In any version before 8.0.29, the length of record data (you can calc in this way: (end_seg_len >> 1)) in MLOG_REC_INSERT for the first insert statement is 31, and the length for the second is 18. The 13-byte difference consists of a 6-byte header, a 4-byte a, and a 3-byte b.

In version after 8.0.29, because of the wrong logic, both length are 31.

Suggested fix:
Change the inequality sign in comparing the versions to an equality sign.
[3 Oct 12:26] MySQL Verification Team
Hi Mr. Wang,

Thank you very much for your bug report.

However, this is a forum for the reports for the reports with fully repeatable test cases. Each test case should consist. of a set of SQL statement that always lead to the performance problem that you are reporting.

You have a test case, but the only part missing is getting the data that will prove your report after the insertion.

We also accept the in-depth code analysis that prove the point.

Hence, we are waiting on your feedback.
[3 Oct 12:28] MySQL Verification Team
Hi Mr.
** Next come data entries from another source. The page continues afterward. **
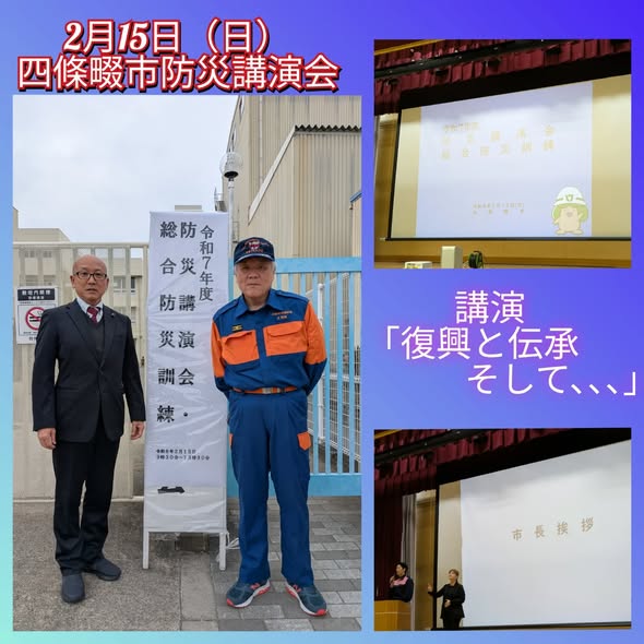 本日は、四條畷市立西中学校体育館にて開催されました「四條畷市防災講演会」へ参加させていただきました。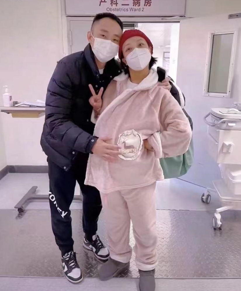杜沁怡还晒出了一张和老公在产房外的合影,她挺着大肚子叉腰比耶,老公轻抚孕肚,满眼宠溺。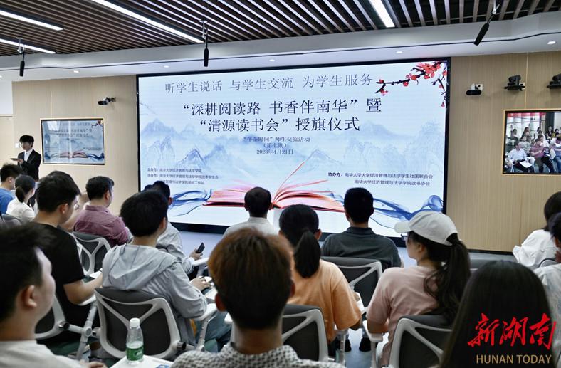 南华大学经济管理与法学学院党委书记彭建军为“清源读书会”现场授旗。他表示,“清源”一词出自宋代朱熹《观书有感》中“问渠哪得清如许,为有源头活水来”这句诗。同学们要爱读书、读好书、善读书,从书中不断汲取新的知识,才能使自己永葆青春与活力。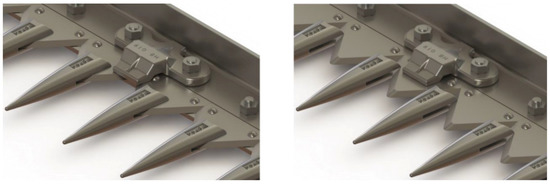 The oscillating movement of the blades on the tines is performed by a connecting rod/crank mechanism in which a rotary movement generated by the advance of the machine on the ground is transformed into an oscillating linear movement of the blades (Figure 5) which slide together between the tines. This sliding is possible due to the housing formed by the mounting of the tines on their support and to the upper bumper guards that prevent the set of blades from slipping out of position without exerting so much pressure thereon that it would halt the blades (Figure 6).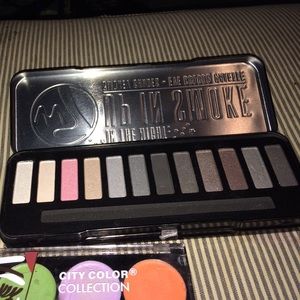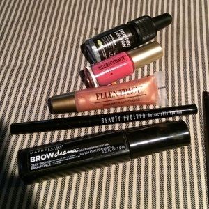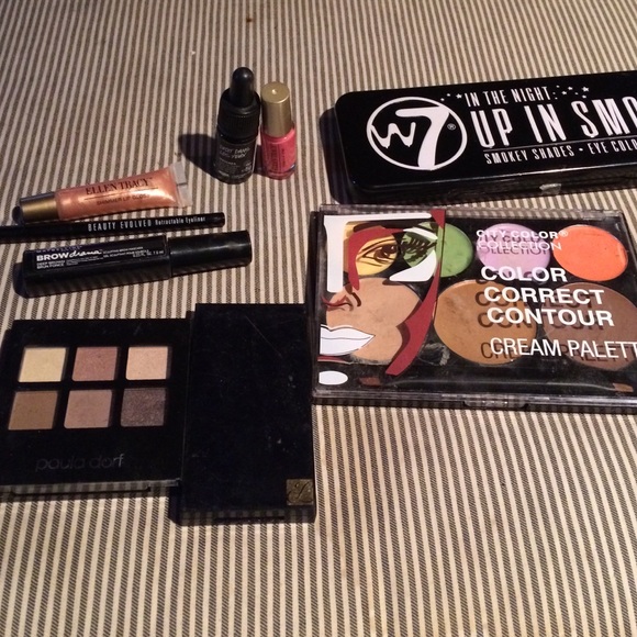 City color cream contour and blemish cover palette slightly used, in the night "up in smoke" smokey eyeshadow palette, Paula dorf eyeshadow pallet, Estee Lauder eyeshadow palette, maybelline drown drama (deep brown) slightly used, lush mascara (sorry it is in French I got it in Paris), Ellen Tracy cheek and lip stain, Ellen Tracy lip gloss, and beauty evolved black eyeliner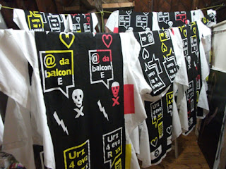 Carnival flags, drying on the line as they get printed. The design is based on Romeo & Juliet. I worked with a group of very bright, talented young people from the Garage Youth Club in Ely to develop the text messages which come from the play's text. Keith Kahn and his team of designers formulated the basic costume designs and the motifs which we used on the flags.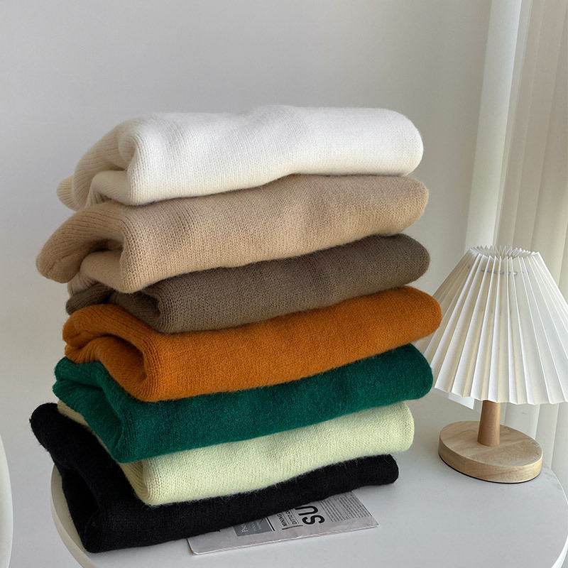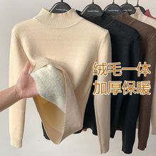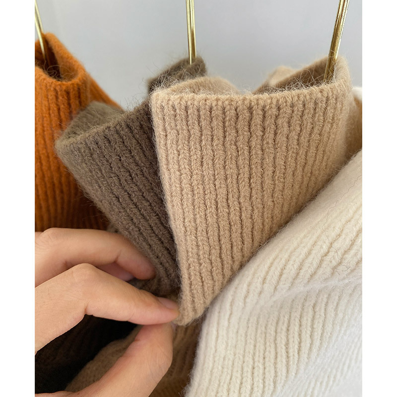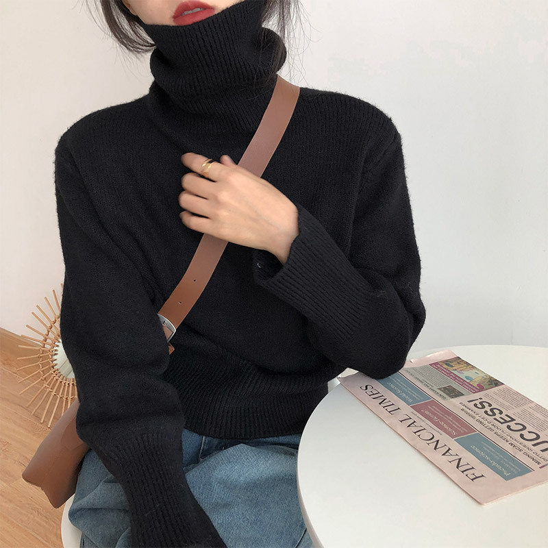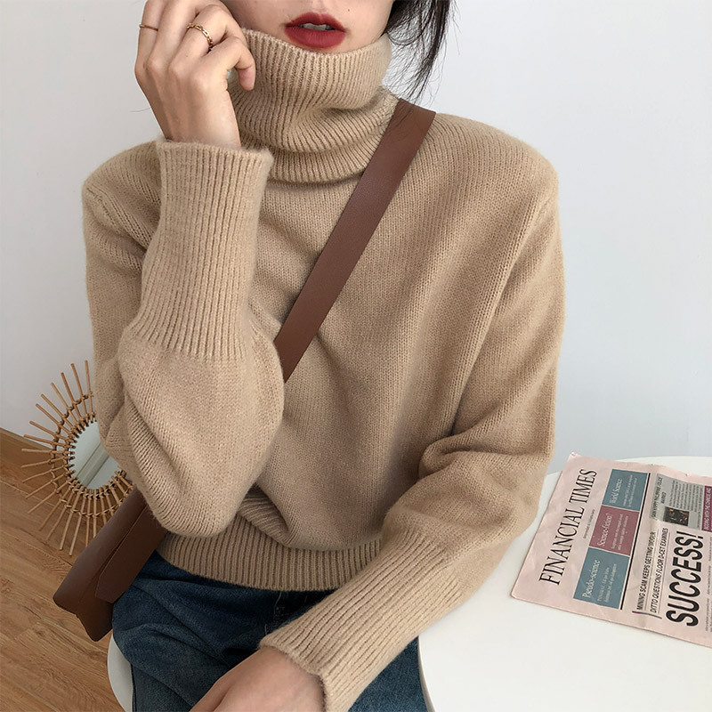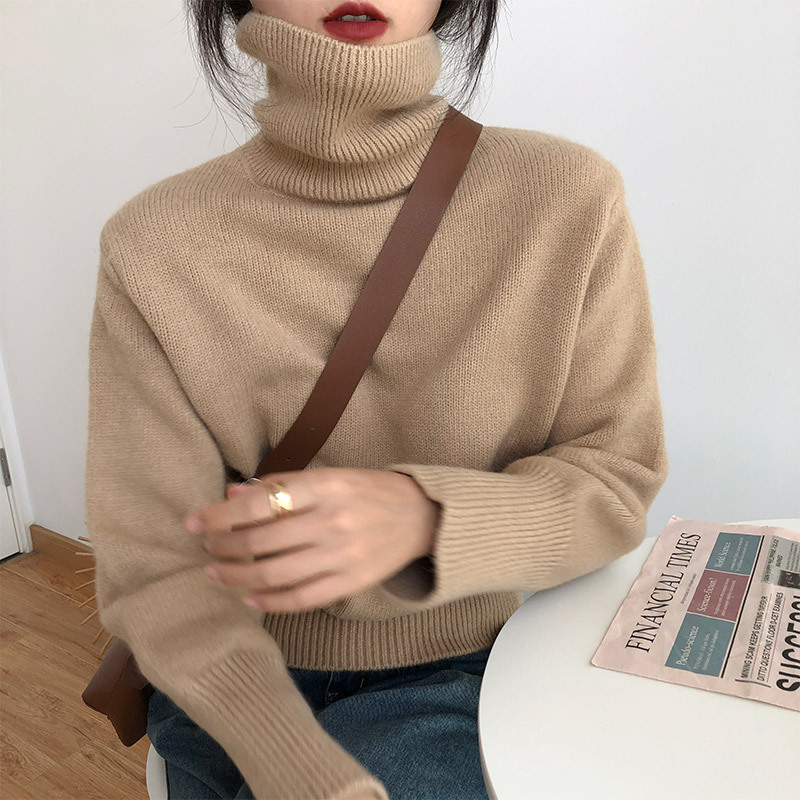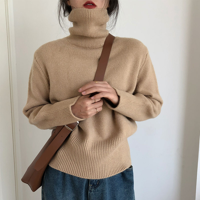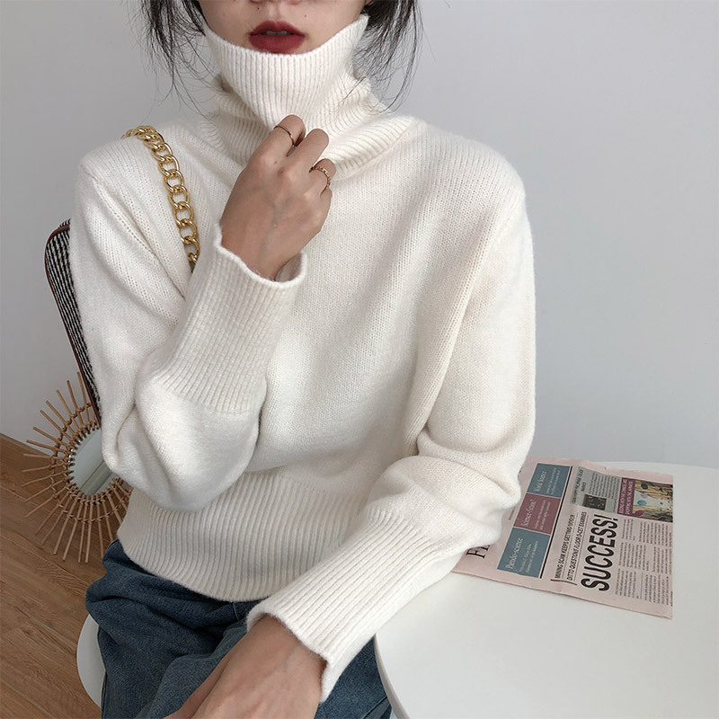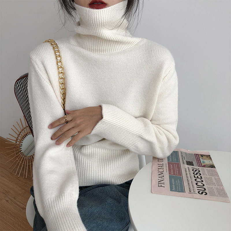 高襟の純色のニットの底のシャツの上着の女性の秋冬の新型は厚くて、モチモチとしています。

Wang,

We would especially like to know how do we measure this part of your report:

"

In any version before 8.0.29, the length of record data (you can calc in this way: (end_seg_len >> 1)) in MLOG_REC_INSERT for the first insert statement is 31, and the length for the second is 18. The 13-byte difference consists of a 6-byte header, a 4-byte a, and a 3-byte b.

In version after 8.0.29, because of the wrong logic, both length are 31.

"

Last, but not least, can you please explain which is it a wrong logic when both lengths are 31 ???

Many thanks in advance.
[3 Oct 15:55] Zihao Wang
So let me answer the question one by one.

First, how to repeat. Since MySQL and InnoDB do not provide Redo Log parsing tools, the only way you can see the composition of a redo log is using gdb.

I've provided some SQL statements above, and you can debug in this way: 

1. mysql> set global innodb_checkpoint_disabled=on;

2. execute the SQL I provided

3. kill mysqld

4.1 in the newest code, make a breakpoint on this line: https://github.com/mysql/mysql-server/blob/596f0d238489a9cf9f43ce1ff905984f58d227b6/storag...

4.2 in MySQL 5.7, make a breakpoint on this line: https://github.com/mysql/mysql-server/blob/f7680e98b6bbe3500399fbad465d08a6b75d7a5c/storag...

4.3 check the code below and you will find that the value of 'end_seg_len >>= 1;' in this line is the length of the insert record data in this Redo Log

5. using gdb to debug the crash recovery process, and you will see:

* In any version before 8.0.29, the value of 'end_seg_len >> 1' in the first MLOG_REC_INSERT is 31; and the value of 'end_seg_len >> 1' in the second MLOG_REC_INSERT is 18;

* In any version after 8.0.29, the value of 'end_seg_len >> 1' in both MLOG_REC_INSERT is 31.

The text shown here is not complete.